WHAT TO WORK ON: Set down exactly the lines running from the one with "Trae un encanto" to the last line of the listing below, both included, and skip every picture.
== Segment start ==
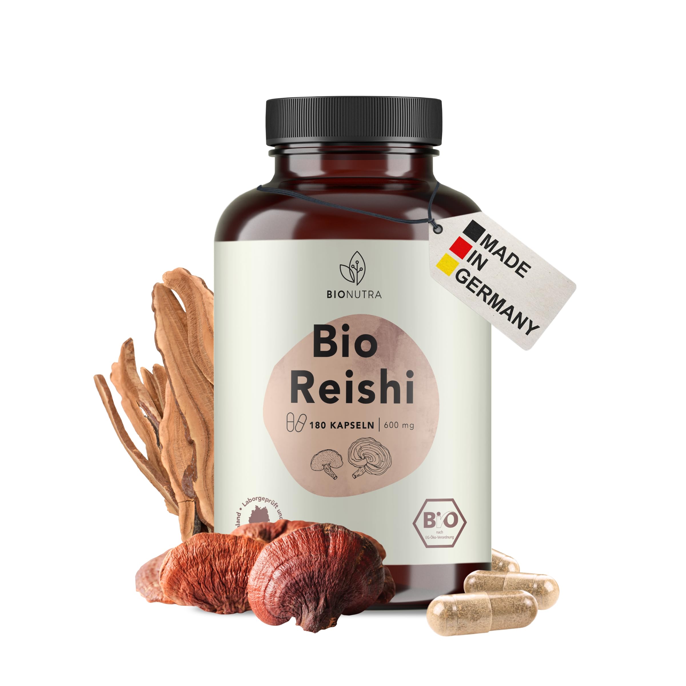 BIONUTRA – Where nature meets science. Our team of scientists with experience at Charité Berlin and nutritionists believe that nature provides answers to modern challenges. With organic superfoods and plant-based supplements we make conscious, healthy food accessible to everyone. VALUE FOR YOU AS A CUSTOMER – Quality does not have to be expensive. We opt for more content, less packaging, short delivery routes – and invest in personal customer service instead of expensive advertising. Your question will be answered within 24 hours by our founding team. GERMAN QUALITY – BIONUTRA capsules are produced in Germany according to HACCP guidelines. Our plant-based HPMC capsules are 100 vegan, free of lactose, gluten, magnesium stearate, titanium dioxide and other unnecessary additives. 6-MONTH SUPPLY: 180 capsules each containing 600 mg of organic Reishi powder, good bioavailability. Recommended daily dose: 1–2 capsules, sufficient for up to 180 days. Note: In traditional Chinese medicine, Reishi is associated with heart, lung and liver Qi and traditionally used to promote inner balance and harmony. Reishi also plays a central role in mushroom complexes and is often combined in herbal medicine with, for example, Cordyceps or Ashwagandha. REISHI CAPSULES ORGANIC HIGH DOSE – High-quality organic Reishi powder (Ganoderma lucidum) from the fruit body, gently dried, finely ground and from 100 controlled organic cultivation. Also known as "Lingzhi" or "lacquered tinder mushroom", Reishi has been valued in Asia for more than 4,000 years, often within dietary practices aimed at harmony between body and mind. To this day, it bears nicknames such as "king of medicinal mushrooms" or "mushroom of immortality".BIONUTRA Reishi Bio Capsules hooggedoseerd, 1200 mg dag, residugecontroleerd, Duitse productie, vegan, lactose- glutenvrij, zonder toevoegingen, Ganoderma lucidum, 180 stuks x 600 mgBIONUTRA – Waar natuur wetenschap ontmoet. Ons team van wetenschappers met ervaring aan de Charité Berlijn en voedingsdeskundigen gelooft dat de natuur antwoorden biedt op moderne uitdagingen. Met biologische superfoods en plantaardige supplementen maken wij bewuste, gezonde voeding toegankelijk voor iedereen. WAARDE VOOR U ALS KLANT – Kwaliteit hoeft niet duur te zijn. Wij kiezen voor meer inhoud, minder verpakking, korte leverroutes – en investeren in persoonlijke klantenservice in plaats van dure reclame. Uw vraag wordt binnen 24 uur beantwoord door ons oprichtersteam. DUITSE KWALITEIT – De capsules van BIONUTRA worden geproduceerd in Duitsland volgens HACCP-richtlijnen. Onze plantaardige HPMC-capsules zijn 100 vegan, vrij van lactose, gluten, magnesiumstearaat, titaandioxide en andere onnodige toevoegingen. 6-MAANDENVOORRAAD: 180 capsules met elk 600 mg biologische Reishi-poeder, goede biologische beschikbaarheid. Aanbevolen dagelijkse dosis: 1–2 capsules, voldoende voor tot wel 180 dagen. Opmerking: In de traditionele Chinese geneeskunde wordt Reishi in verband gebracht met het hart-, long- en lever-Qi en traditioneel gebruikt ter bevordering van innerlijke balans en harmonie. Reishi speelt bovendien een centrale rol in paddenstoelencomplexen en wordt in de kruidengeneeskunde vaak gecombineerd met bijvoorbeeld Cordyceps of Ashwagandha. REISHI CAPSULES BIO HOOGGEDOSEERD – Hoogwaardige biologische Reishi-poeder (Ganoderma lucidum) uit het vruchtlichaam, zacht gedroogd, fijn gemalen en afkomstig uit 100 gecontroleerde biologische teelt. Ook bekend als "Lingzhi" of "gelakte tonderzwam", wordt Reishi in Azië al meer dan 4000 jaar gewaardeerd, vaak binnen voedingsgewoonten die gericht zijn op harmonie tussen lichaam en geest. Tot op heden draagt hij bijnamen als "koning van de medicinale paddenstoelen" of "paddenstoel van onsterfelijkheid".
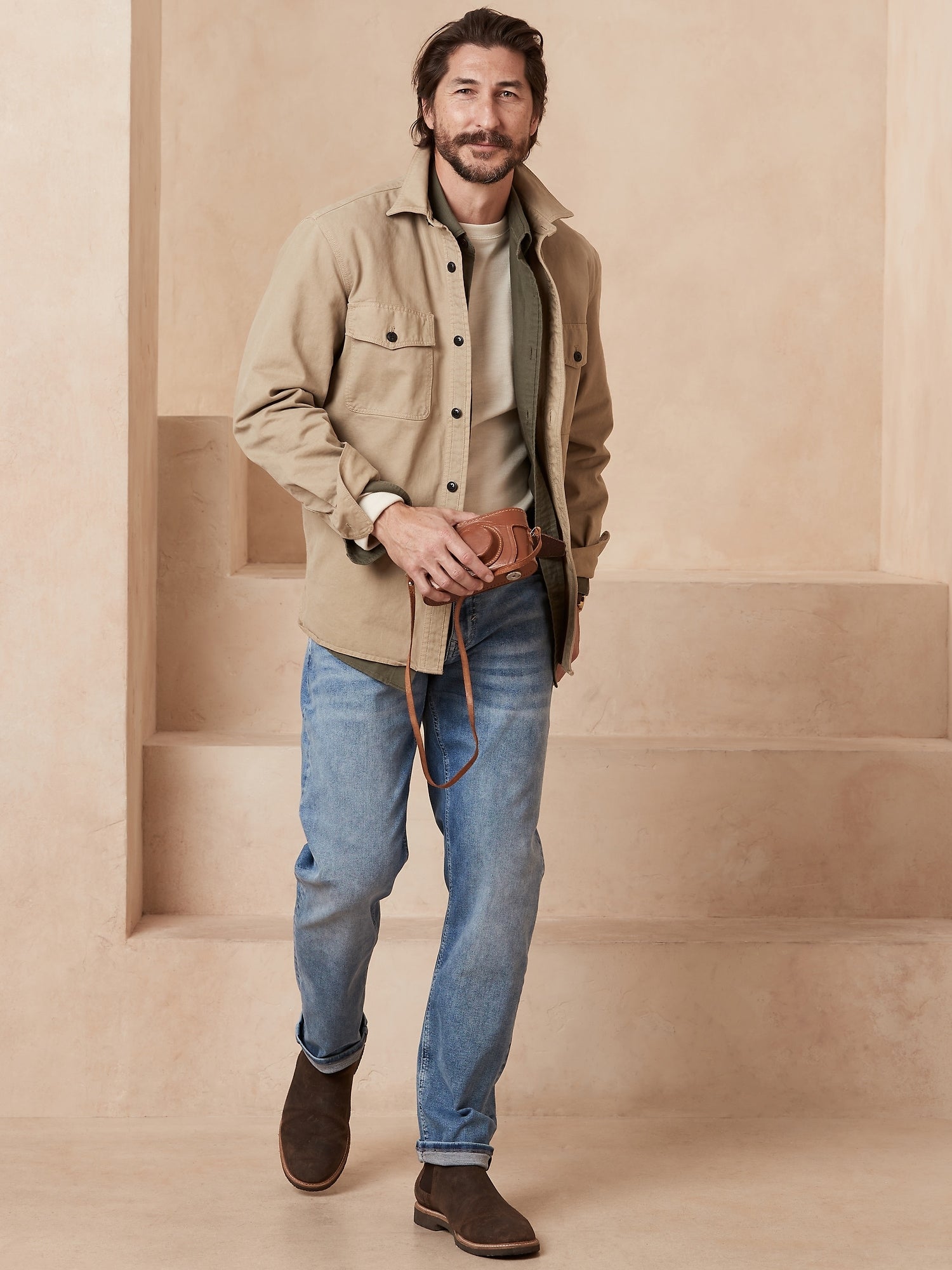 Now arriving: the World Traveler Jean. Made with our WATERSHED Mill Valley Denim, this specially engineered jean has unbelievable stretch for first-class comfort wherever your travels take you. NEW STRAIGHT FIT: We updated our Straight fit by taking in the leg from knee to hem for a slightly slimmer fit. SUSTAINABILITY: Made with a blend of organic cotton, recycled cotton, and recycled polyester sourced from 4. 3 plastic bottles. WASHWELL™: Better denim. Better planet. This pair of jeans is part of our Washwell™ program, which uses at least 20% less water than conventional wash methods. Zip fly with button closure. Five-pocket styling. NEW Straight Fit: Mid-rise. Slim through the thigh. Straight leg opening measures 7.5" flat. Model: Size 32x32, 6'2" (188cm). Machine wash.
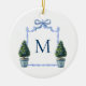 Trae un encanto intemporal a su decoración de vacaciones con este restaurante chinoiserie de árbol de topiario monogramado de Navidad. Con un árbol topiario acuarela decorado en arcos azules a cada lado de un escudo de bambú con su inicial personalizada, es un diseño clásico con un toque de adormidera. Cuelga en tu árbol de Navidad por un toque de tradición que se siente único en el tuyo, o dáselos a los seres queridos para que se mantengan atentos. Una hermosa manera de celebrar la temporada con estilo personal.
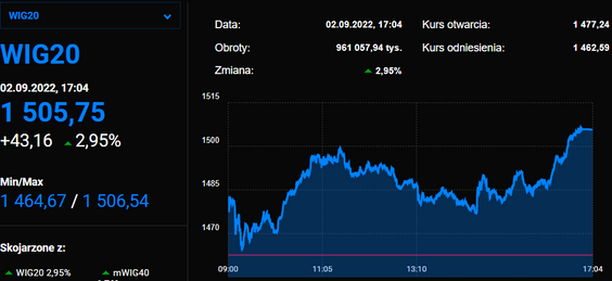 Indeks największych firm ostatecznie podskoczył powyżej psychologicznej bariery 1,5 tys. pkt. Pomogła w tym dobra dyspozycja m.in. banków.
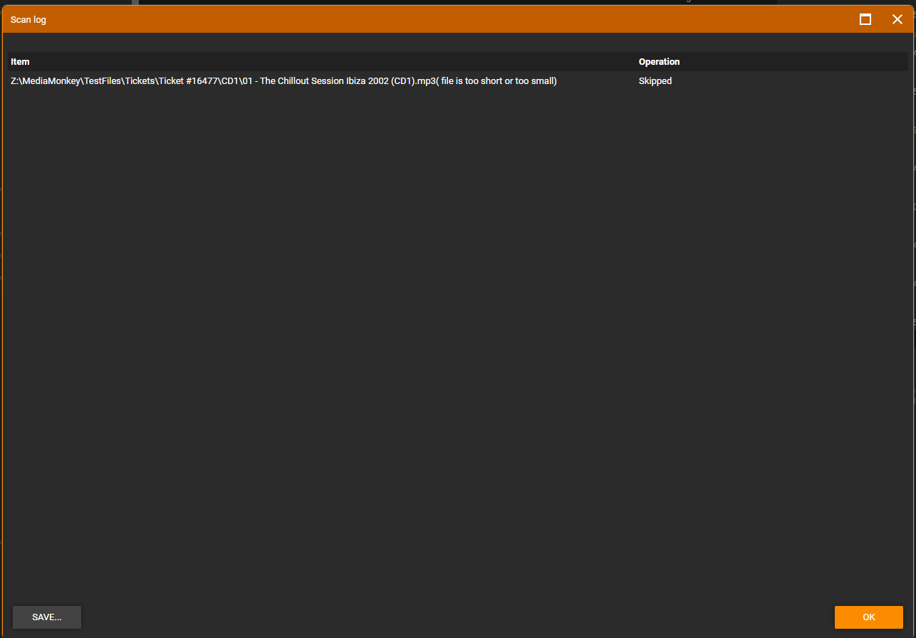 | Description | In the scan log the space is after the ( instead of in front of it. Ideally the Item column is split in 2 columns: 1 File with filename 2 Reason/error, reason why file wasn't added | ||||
== Segment end ==
EXERCISE RESULT:
 Trae un encanto intemporal a su decoración de vacaciones con este restaurante chinoiserie de árbol de topiario monogramado de Navidad. Con un árbol topiario acuarela decorado en arcos azules a cada lado de un escudo de bambú con su inicial personalizada, es un diseño clásico con un toque de adormidera. Cuelga en tu árbol de Navidad por un toque de tradición que se siente único en el tuyo, o dáselos a los seres queridos para que se mantengan atentos. Una hermosa manera de celebrar la temporada con estilo personal.
 Indeks największych firm ostatecznie podskoczył powyżej psychologicznej bariery 1,5 tys. pkt. Pomogła w tym dobra dyspozycja m.in. banków.
 | Description | In the scan log the space is after the ( instead of in front of it. Ideally the Item column is split in 2 columns: 1 File with filename 2 Reason/error, reason why file wasn't added | ||||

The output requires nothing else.